Your task – All of the data below should be repeated exactly. Pictures should not be included.

Records drawn from a dataset –
*** Block opens ***
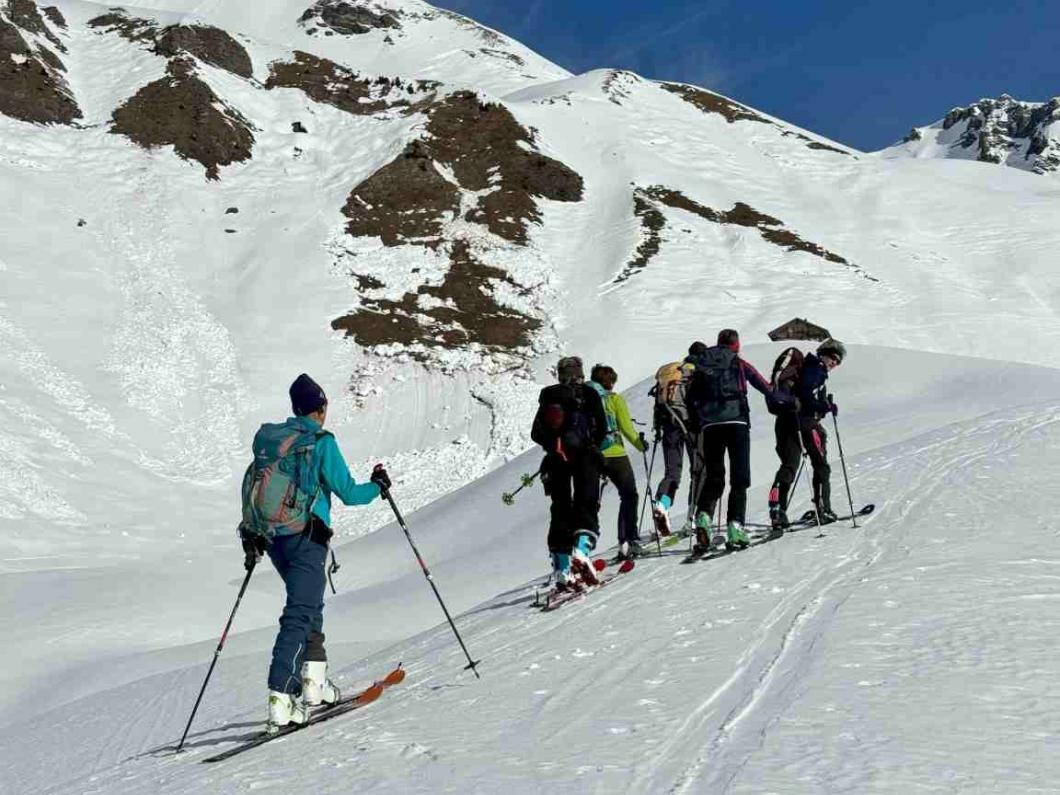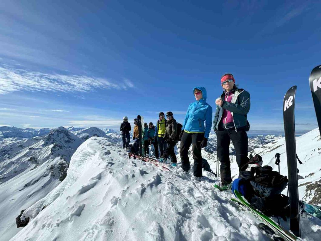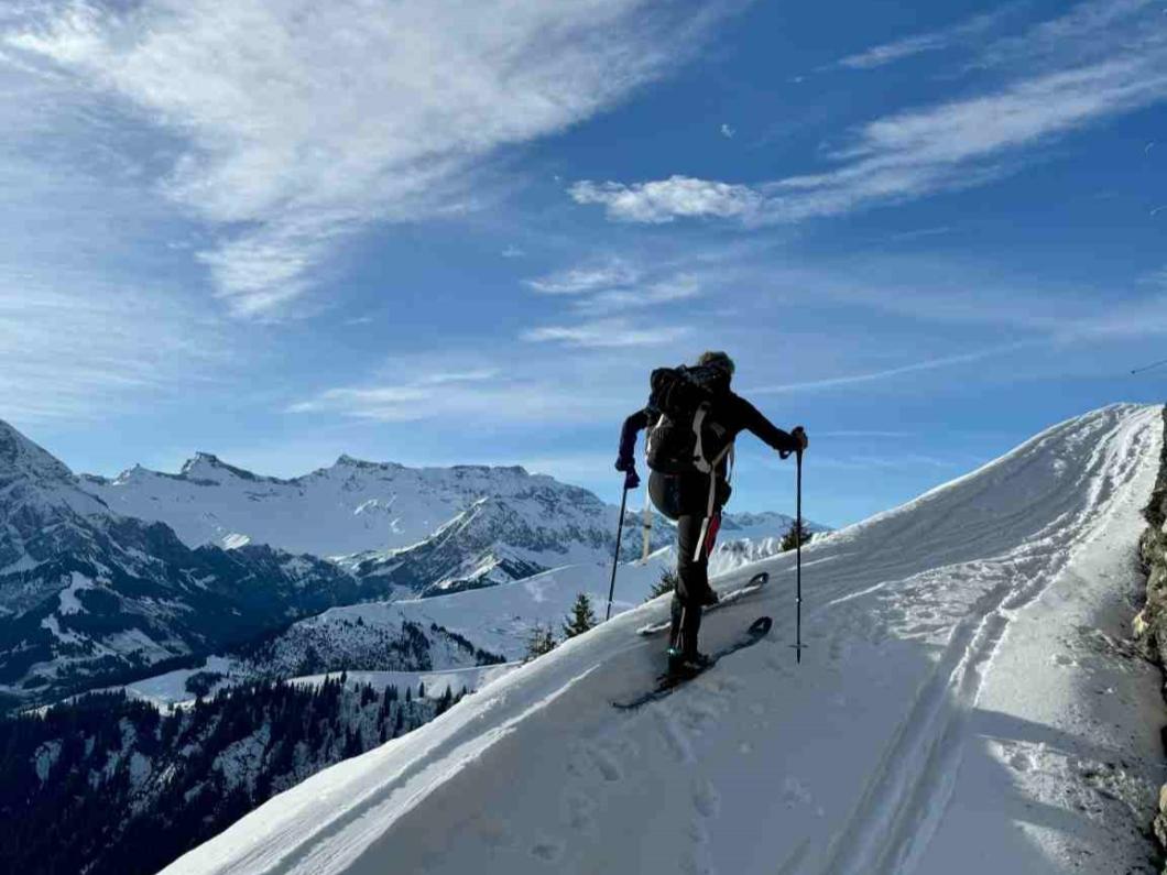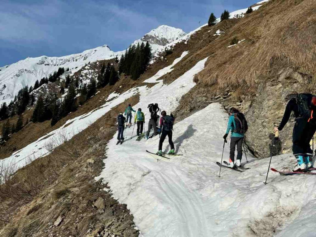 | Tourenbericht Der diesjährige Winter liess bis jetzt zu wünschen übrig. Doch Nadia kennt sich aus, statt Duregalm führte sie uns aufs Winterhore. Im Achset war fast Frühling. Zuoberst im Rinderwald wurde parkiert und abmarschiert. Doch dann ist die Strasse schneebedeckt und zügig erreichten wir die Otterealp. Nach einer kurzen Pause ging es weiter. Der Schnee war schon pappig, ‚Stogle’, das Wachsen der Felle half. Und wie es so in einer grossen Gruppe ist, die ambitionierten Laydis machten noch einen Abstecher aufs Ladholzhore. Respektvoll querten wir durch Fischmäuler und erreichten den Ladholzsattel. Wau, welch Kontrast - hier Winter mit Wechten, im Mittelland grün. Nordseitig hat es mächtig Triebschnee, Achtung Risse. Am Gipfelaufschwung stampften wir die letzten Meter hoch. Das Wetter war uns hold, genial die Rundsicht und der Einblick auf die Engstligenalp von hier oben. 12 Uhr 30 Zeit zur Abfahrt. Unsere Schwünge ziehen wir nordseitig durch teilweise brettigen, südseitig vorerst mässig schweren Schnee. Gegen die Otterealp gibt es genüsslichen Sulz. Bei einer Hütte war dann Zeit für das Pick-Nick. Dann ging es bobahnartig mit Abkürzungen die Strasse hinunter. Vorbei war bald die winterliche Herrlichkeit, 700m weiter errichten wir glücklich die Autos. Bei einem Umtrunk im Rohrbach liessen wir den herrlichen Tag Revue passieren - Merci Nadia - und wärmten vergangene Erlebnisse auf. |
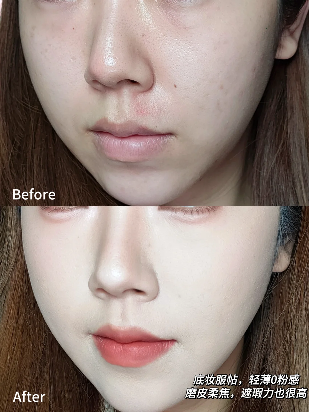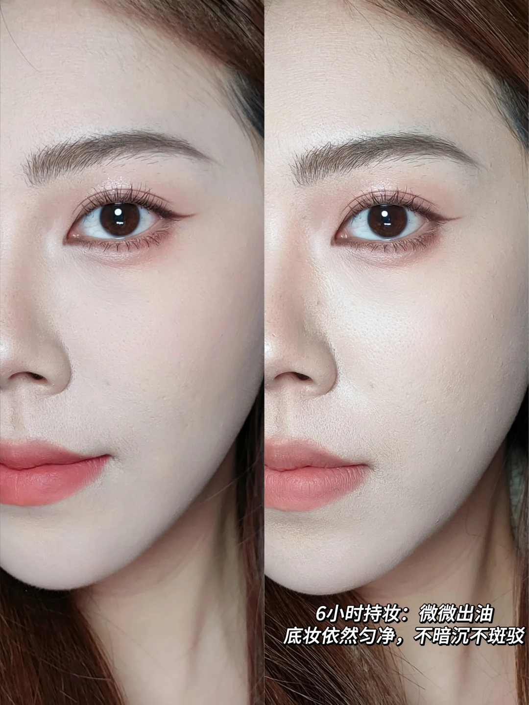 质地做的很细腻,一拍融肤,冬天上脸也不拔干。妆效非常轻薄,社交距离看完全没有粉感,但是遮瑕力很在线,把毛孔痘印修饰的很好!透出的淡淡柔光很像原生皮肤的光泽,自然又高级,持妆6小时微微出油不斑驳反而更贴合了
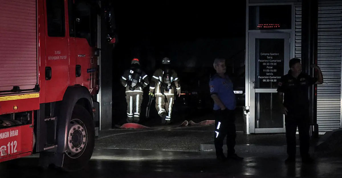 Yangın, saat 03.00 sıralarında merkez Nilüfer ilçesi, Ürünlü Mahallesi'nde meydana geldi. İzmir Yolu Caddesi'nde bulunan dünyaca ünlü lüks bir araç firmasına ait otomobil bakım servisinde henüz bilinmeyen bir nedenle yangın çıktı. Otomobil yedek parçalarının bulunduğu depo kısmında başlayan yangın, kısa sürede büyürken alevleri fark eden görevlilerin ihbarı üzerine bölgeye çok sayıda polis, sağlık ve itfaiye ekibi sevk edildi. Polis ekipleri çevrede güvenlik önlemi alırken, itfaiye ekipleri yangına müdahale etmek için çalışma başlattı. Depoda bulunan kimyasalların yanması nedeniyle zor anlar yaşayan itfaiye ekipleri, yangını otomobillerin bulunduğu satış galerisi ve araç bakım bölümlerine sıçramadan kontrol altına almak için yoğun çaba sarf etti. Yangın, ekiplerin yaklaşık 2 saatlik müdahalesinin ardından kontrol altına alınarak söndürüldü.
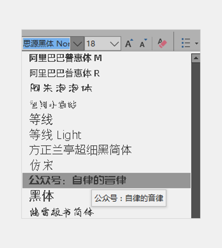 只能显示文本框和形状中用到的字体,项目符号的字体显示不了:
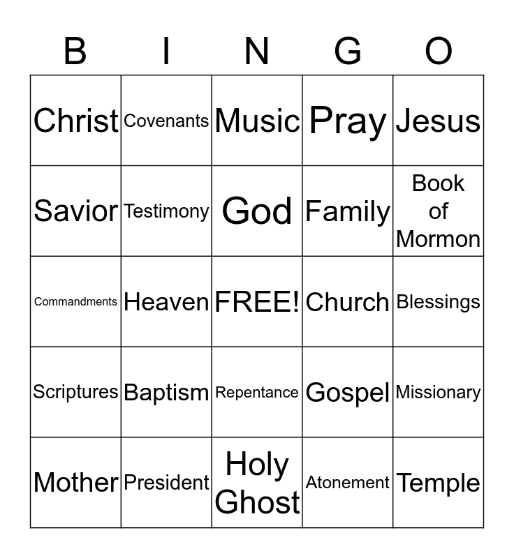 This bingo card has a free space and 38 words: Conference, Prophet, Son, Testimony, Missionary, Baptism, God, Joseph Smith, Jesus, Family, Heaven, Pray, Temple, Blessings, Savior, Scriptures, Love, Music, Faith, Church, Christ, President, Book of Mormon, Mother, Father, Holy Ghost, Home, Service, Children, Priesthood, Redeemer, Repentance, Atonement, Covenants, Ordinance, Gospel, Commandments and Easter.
*** Block closes ***
Exercise answer –
 | Tourenbericht Der diesjährige Winter liess bis jetzt zu wünschen übrig. Doch Nadia kennt sich aus, statt Duregalm führte sie uns aufs Winterhore. Im Achset war fast Frühling. Zuoberst im Rinderwald wurde parkiert und abmarschiert. Doch dann ist die Strasse schneebedeckt und zügig erreichten wir die Otterealp. Nach einer kurzen Pause ging es weiter. Der Schnee war schon pappig, ‚Stogle’, das Wachsen der Felle half. Und wie es so in einer grossen Gruppe ist, die ambitionierten Laydis machten noch einen Abstecher aufs Ladholzhore. Respektvoll querten wir durch Fischmäuler und erreichten den Ladholzsattel. Wau, welch Kontrast - hier Winter mit Wechten, im Mittelland grün. Nordseitig hat es mächtig Triebschnee, Achtung Risse. Am Gipfelaufschwung stampften wir die letzten Meter hoch. Das Wetter war uns hold, genial die Rundsicht und der Einblick auf die Engstligenalp von hier oben. 12 Uhr 30 Zeit zur Abfahrt. Unsere Schwünge ziehen wir nordseitig durch teilweise brettigen, südseitig vorerst mässig schweren Schnee. Gegen die Otterealp gibt es genüsslichen Sulz. Bei einer Hütte war dann Zeit für das Pick-Nick. Dann ging es bobahnartig mit Abkürzungen die Strasse hinunter. Vorbei war bald die winterliche Herrlichkeit, 700m weiter errichten wir glücklich die Autos. Bei einem Umtrunk im Rohrbach liessen wir den herrlichen Tag Revue passieren - Merci Nadia - und wärmten vergangene Erlebnisse auf. |
 质地做的很细腻,一拍融肤,冬天上脸也不拔干。妆效非常轻薄,社交距离看完全没有粉感,但是遮瑕力很在线,把毛孔痘印修饰的很好!透出的淡淡柔光很像原生皮肤的光泽,自然又高级,持妆6小时微微出油不斑驳反而更贴合了
 Yangın, saat 03.00 sıralarında merkez Nilüfer ilçesi, Ürünlü Mahallesi'nde meydana geldi. İzmir Yolu Caddesi'nde bulunan dünyaca ünlü lüks bir araç firmasına ait otomobil bakım servisinde henüz bilinmeyen bir nedenle yangın çıktı. Otomobil yedek parçalarının bulunduğu depo kısmında başlayan yangın, kısa sürede büyürken alevleri fark eden görevlilerin ihbarı üzerine bölgeye çok sayıda polis, sağlık ve itfaiye ekibi sevk edildi. Polis ekipleri çevrede güvenlik önlemi alırken, itfaiye ekipleri yangına müdahale etmek için çalışma başlattı. Depoda bulunan kimyasalların yanması nedeniyle zor anlar yaşayan itfaiye ekipleri, yangını otomobillerin bulunduğu satış galerisi ve araç bakım bölümlerine sıçramadan kontrol altına almak için yoğun çaba sarf etti. Yangın, ekiplerin yaklaşık 2 saatlik müdahalesinin ardından kontrol altına alınarak söndürüldü.
 只能显示文本框和形状中用到的字体,项目符号的字体显示不了:
 This bingo card has a free space and 38 words: Conference, Prophet, Son, Testimony, Missionary, Baptism, God, Joseph Smith, Jesus, Family, Heaven, Pray, Temple, Blessings, Savior, Scriptures, Love, Music, Faith, Church, Christ, President, Book of Mormon, Mother, Father, Holy Ghost, Home, Service, Children, Priesthood, Redeemer, Repentance, Atonement, Covenants, Ordinance, Gospel, Commandments and Easter.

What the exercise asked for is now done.